To address clean energy issues, 40% of benefits of certain covered federal investments will be relocated toward disadvantaged communities, including the Rio Grande Valley, a Department of Energy official says.
Last Wednesday, Shalanda H. Baker, director of the Office of Economic Impact and Diversity in the U.S. Department of Energy, visited the Edinburg campus to speak about the Justice40 Initiative.
Justice40 is a $62-billion investment under the Bipartisan Infrastructure Law, which established the goal of relocating 40% of the overall benefits of certain covered federal investments toward disadvantaged communities.
Baker said that even though Texas leads the country in energy, oil and gas production, and in wind-powered electricity and solar-power potential, it also leads in oil and gas bills and toxic discharges into water.
She said issues faced in the Rio Grande Valley, including higher incidence of cancer and asthma, are directly linked to a high concentration of energy and other industrial infrastructure.
“In the Rio Grande Valley, we know that all of the … tremendous wealth that has been created by the energy industry has not made it to every household,” Baker said. “We also know that the White House has identified this community as a disadvantaged community, as a frontline community.”
The event, which had more than 100 attendees, was the first of its kind hosted by the DOE’s Road to Energy Justice initiative.

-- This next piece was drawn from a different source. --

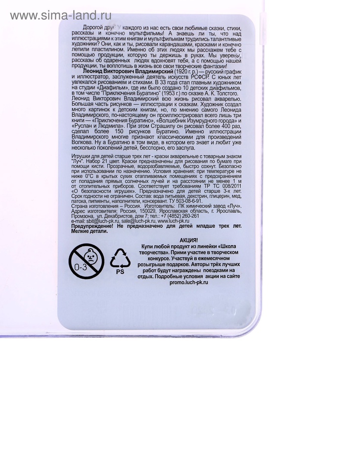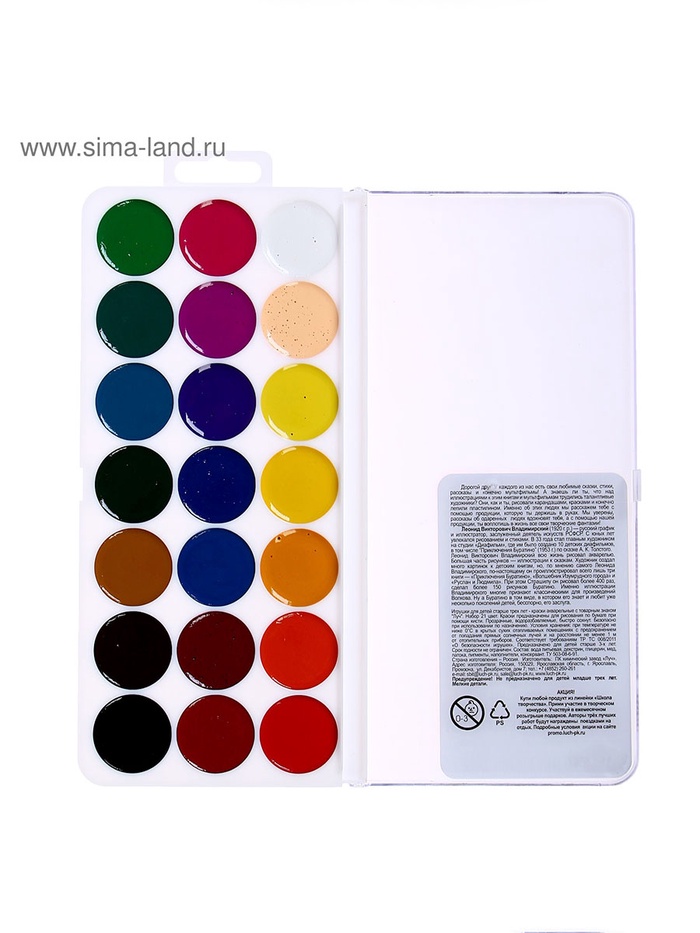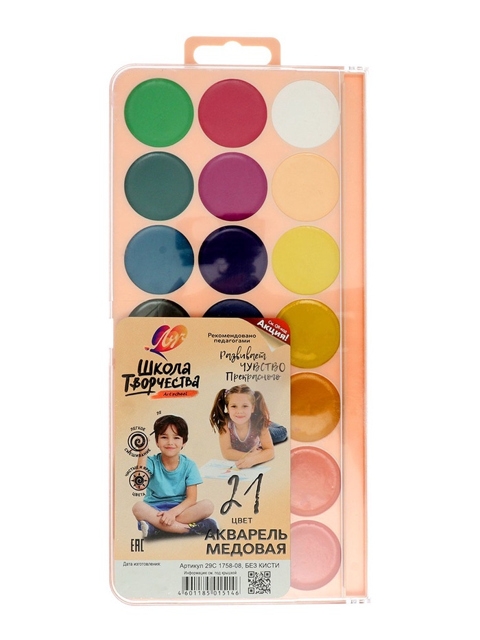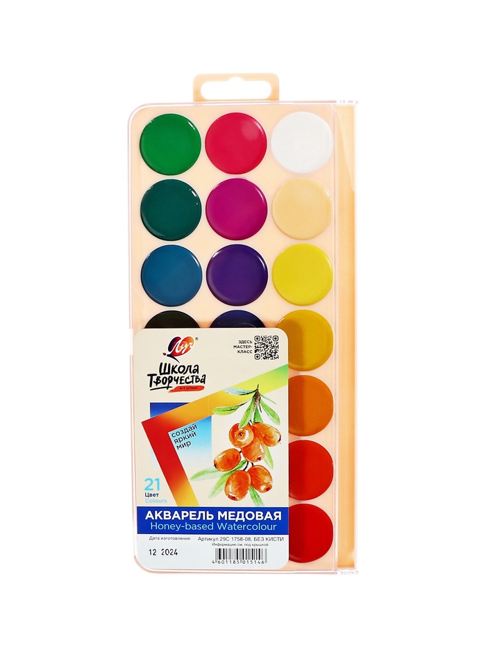 Акварель «Луч. Школа творчества», 21 цвет, без кисти — Характеристики

Justice40 covers climate change, clean energy and efficiency, clean transportation, affordable and sustainable housing, training and workforce development, remediation and reduction of legacy pollution, and critical clean water and waste infrastructure.
Its main priorities are:
–decreasing energy burden and environmental exposure in disadvantaged communities
–increasing access to and adoption of clean energy technology
–increasing access to low-cost capital and clean energy enterprise creation
–creating clean energy jobs, job pipeline and job trainings
–increasing energy resiliency and democracy
Walter Diaz, College of Liberal Arts dean, attended the event and said it is important to bring energy equity and justice to the Valley.

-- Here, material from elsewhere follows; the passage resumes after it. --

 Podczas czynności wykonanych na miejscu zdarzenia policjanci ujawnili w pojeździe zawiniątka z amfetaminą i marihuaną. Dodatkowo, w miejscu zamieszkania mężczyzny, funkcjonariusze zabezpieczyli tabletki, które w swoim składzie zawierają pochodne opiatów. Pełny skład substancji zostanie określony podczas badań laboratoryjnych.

“The benefits of current paradigms more promptly disproportionately accrue to more privileged social sectors while the costs are disproportionately borne by the underserved and disadvantaged,” he said. “This is wrong and must change.”
George Atisa, an assistant professor in the Department of Public Affairs
and Security Studies, asked Baker what role politics play in the granting of money toward environmentally friendly solutions, to which she responded it creates an accountability loop to know where funds and resources are going.

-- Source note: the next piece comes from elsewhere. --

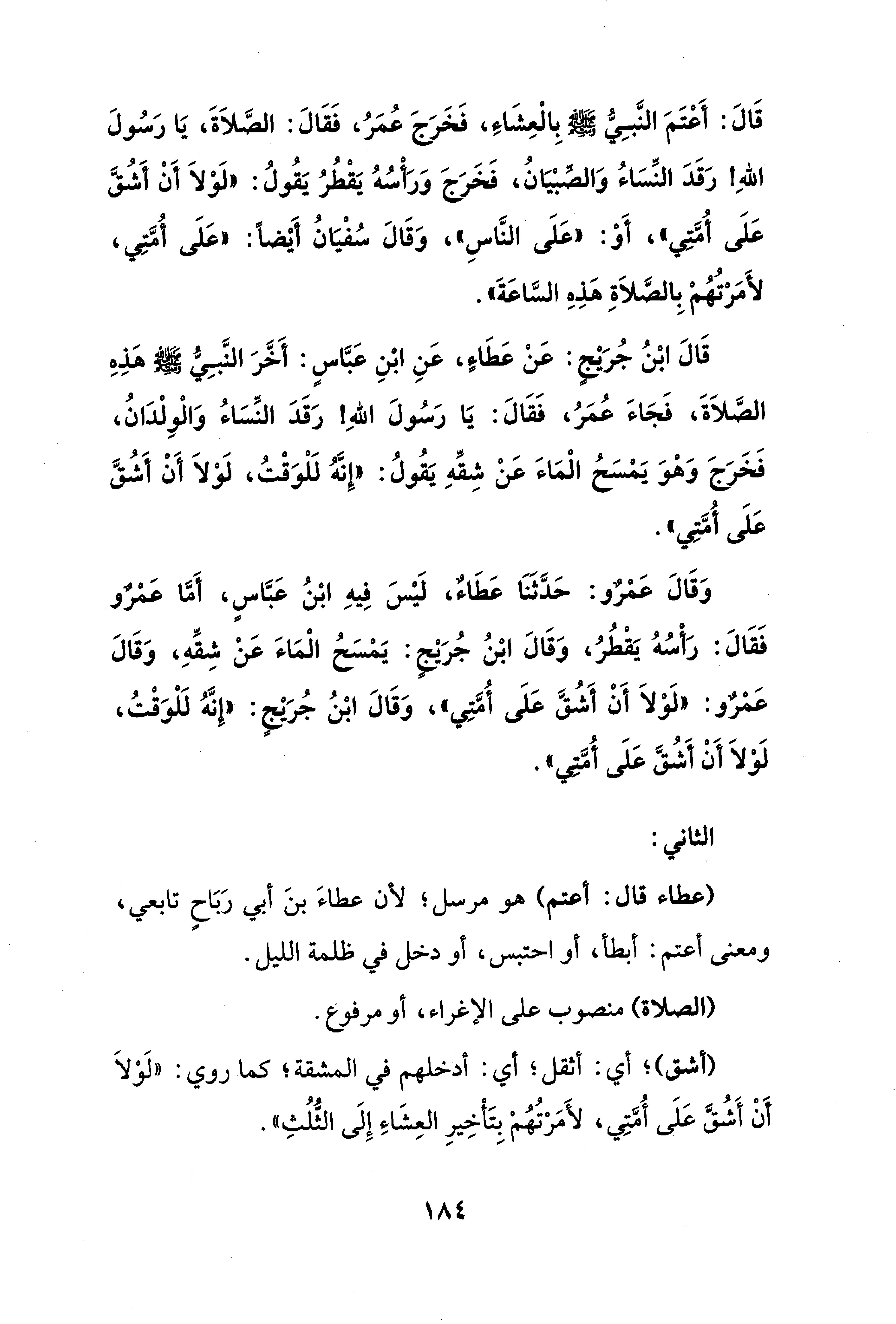 قَالَ ابْنُ جُرَيْجٍ: عَنْ عَطَاءٍ، عَنِ ابْنِ عَبَّاسٍ: أَخَّرَ النَّبِيُّ - صلى الله عليه وسلم - هَذِهِ الصَّلاَةَ، فَجَاءَ عُمَرُ، فَقَالَ: يَا رَسُولَ اللهِ! رَقَدَ النِّسَاءُ وَالْوِلْدَانُ، فَخَرَجَ وَهْوَ يَمْسَحُ الْمَاءَ عَنْ شِقِّهِ يَقُولُ: "إِنَّهُ لَلْوَقْتُ، لَوْلَا أَنْ أَشُقَّ عَلَى أُمَّتِي".

“When we show up as a Department of Energy senior leadership, we’re actually connecting with local leaders and talking to them about their
plans, talking to them about the opportunities that we also will be offering through the department,” Baker said. “It’s one way that we can at least begin to sort of tap into the political nature of the work that
we’re doing.”
Atisa said during the event that the way issues are voted on will determine how resources are distributed.
“I think it goes beyond structure in politics,” Atisa said. “A lot of it may be not structural, but these grants are structured in a way that you have to describe your outcomes. … A lot of the time, [that does not] align with what’s on the ground.”